◆ Exercise material
☆ ☆ ☆ ☆ ☆
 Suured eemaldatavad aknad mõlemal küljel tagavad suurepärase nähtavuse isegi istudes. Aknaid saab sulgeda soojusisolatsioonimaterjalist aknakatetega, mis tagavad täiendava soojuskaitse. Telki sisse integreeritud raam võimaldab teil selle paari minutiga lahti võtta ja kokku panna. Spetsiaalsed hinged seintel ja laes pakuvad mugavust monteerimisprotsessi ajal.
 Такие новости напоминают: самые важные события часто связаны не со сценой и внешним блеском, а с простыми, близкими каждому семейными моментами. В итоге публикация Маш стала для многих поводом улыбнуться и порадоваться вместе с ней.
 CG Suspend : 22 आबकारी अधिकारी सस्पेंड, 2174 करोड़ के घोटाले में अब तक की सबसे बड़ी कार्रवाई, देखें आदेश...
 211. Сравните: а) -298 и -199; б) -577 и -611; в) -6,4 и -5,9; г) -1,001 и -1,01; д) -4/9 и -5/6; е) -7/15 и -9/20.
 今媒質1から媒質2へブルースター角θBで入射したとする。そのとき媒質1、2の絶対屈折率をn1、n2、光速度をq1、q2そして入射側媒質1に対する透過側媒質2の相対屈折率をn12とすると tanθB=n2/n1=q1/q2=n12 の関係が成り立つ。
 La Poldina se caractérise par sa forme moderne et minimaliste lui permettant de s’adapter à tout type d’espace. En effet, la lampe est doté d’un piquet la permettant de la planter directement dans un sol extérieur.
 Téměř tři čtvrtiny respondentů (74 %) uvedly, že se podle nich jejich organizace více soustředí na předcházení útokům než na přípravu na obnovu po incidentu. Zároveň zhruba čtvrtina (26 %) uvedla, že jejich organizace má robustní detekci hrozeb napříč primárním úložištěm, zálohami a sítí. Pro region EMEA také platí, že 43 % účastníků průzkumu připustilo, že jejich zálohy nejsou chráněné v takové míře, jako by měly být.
☆ ☆ ☆ ☆ ☆
◆ What the task requires
Reproduce only the lines above, starting at the line with "Такие новости напоминают: самые" and ending at the line with "La Poldina se", exactly as written.

◆ Result of this task
 Такие новости напоминают: самые важные события часто связаны не со сценой и внешним блеском, а с простыми, близкими каждому семейными моментами. В итоге публикация Маш стала для многих поводом улыбнуться и порадоваться вместе с ней.
 CG Suspend : 22 आबकारी अधिकारी सस्पेंड, 2174 करोड़ के घोटाले में अब तक की सबसे बड़ी कार्रवाई, देखें आदेश...
 211. Сравните: а) -298 и -199; б) -577 и -611; в) -6,4 и -5,9; г) -1,001 и -1,01; д) -4/9 и -5/6; е) -7/15 и -9/20.
 今媒質1から媒質2へブルースター角θBで入射したとする。そのとき媒質1、2の絶対屈折率をn1、n2、光速度をq1、q2そして入射側媒質1に対する透過側媒質2の相対屈折率をn12とすると tanθB=n2/n1=q1/q2=n12 の関係が成り立つ。
 La Poldina se caractérise par sa forme moderne et minimaliste lui permettant de s’adapter à tout type d’espace. En effet, la lampe est doté d’un piquet la permettant de la planter directement dans un sol extérieur.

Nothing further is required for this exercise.